Posted on Jun. 4, 2015  /  0

By Joseph Priest, Corporate Writer, Syniverse

You’ve just hammered out a difficult news release, beat your deadline by an hour and left yourself one last opportunity to polish your work before you submit it. But you don’t want to proof this yourself after being so close to it, and you don’t have any co-workers available to look at it before deadline. What can you do?

It takes a village to raise a child, and bringing in a cold eye to proof your work is without a doubt the best way to ensure accuracy, clarity and quality in your writing. But when this isn’t possible, there is still a way you can proof your own material effectively. In my 15 years as a writer and editor, I’ve developed five central guidelines that I use to review my own copy as best as possible.

No matter how well-written a document is, a single mistake can eclipse the quality of the rest of the communication and become the thing that the readers remember the most. Regardless of how long you’ve worked on a document or many times you’ve reviewed it, if you’ve made any recent changes to it or are not 100 percent sure it reads flawlessly, it’s important to sweat the details with one final proof and not settle for anything less than perfection. These guidelines will help.

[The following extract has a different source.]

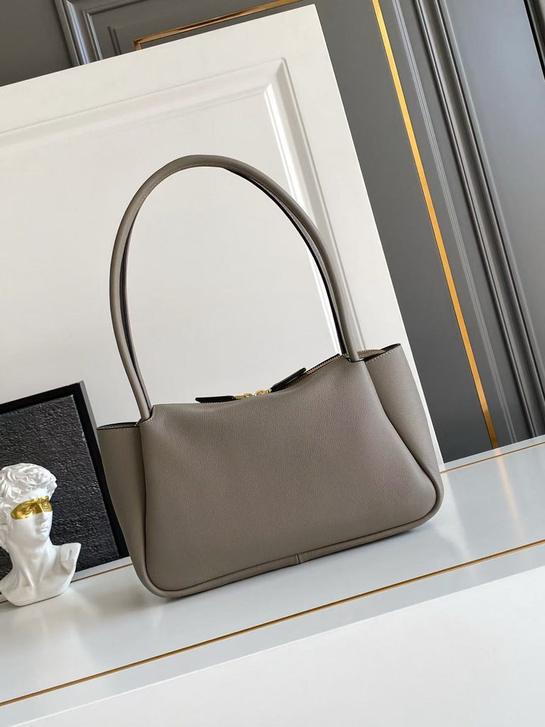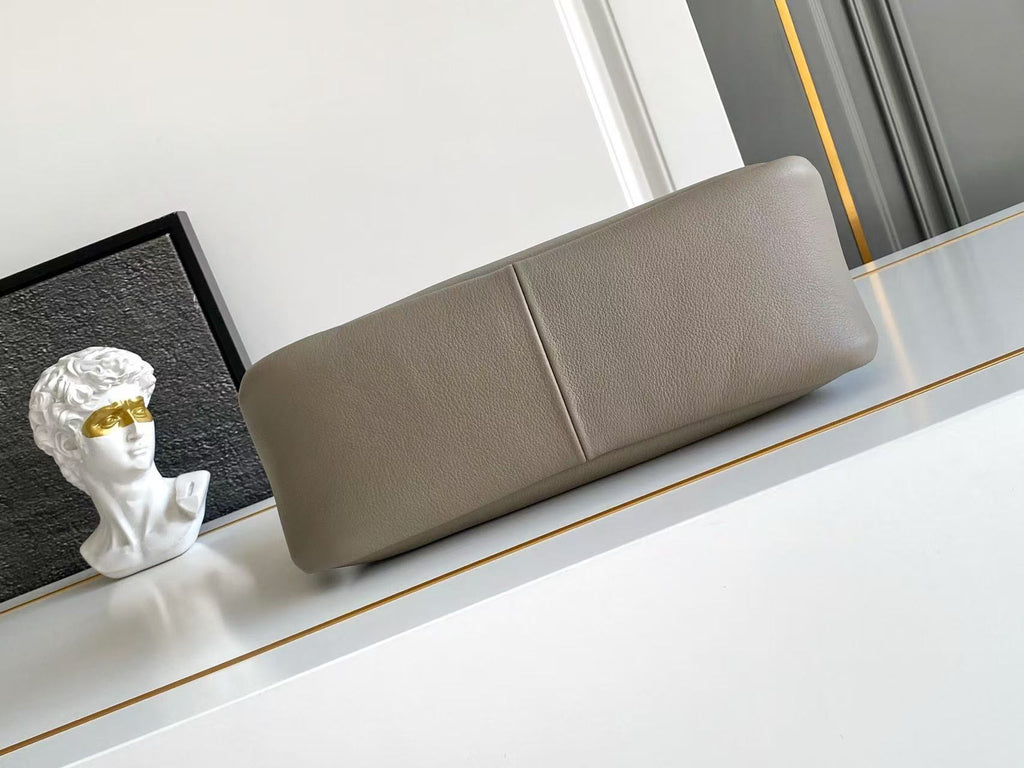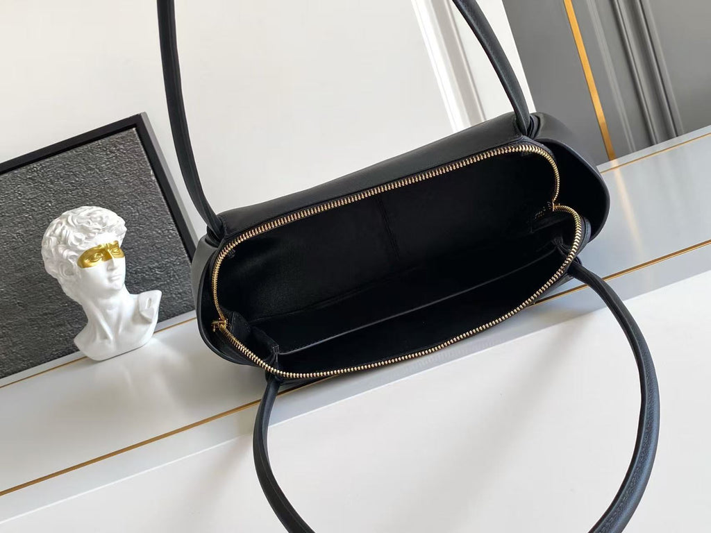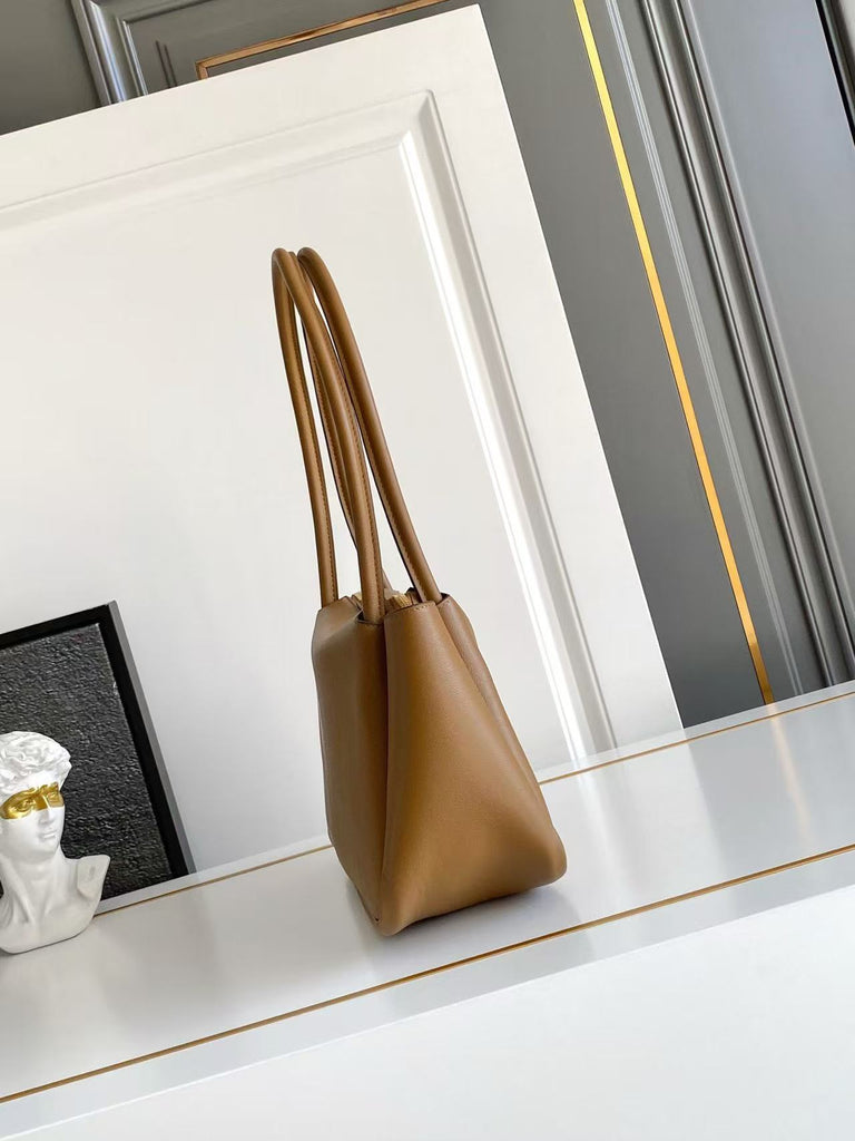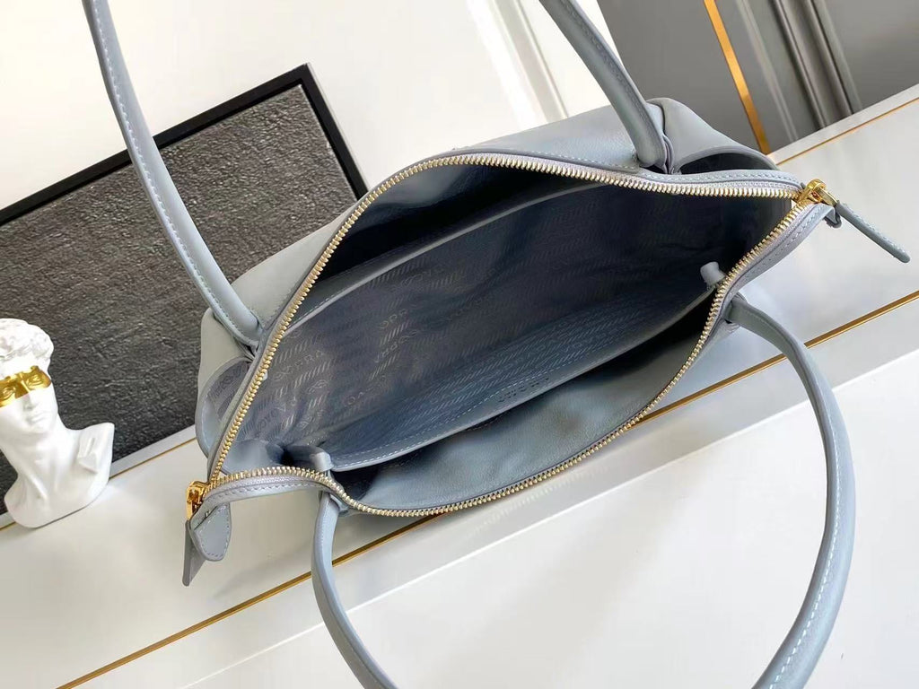 Dimensions: 28x18x11cm.This bag with a sophisticated, contemporary design features simple yet refined details, brightened by the metal hardware. The versatile style has sleek, minimalist lines emphasized by the buttery feel of soft grain leather. The accessory, an expression of exceptional artisanal know-how, is decorated with the iconic enameled metal triangle logo.

  1. Rest between writing and proofing - Once you’ve finished a piece, take a break from it for as long as possible to give your mind time to forget about it and fill itself with other thoughts. This distance will allow you to come back to proof your piece as objectively as possible.
  1. Change environments - Before you begin proofing, find a space away from your normal workspace – an empty conference room or a bench in an open area, for example – that will allow you to get away from the usual email, phone and people distractions. Not only will this change of location allow you the quietness to concentrate more easily, it will take you away from the comfort zone of your familiar computer, desk and chair to give you that extra sharpness to scrutinize copy better.
  1. Proof on hard copy - This could be the single most important guideline for proofing. Always review your work on hard copy. Proofing on hard copy allows you to read a printed text more naturally, enabling you to look down to read instead of looking horizontally. It also lets you take printed text with you to an optimal location for reading, and it helps you review with a keener eye because you’re breaking away from that familiar and comfortable computer screen.
  1. Read out loud - Similar to reviewing on hard copy, this can prove an invaluable aid that enables you to see your work from a different perspective and judge it more objectively and minutely. By rendering your piece in an oral format, you can take advantage of a different one of your five senses to pick up on errors, discrepancies and questionable passages.
  1. Proof at least two full times - Begin your proof with a preliminary skim of the document to ensure that major typographical features – such as font size, line spacing, text alignment and bullet indentation – are correct and consistent. Next, make one complete editorial read-through (pass), reading it at about the same speed and level of detail as your intended audience will upon first reading. Then make your second pass, reading v-e-r-y slowly to scrutinize and ponder everything from spelling and punctuation to grammar and word order, and also to look for errors that you may have missed on the first pass and to fix any errors you may have introduced on your first pass.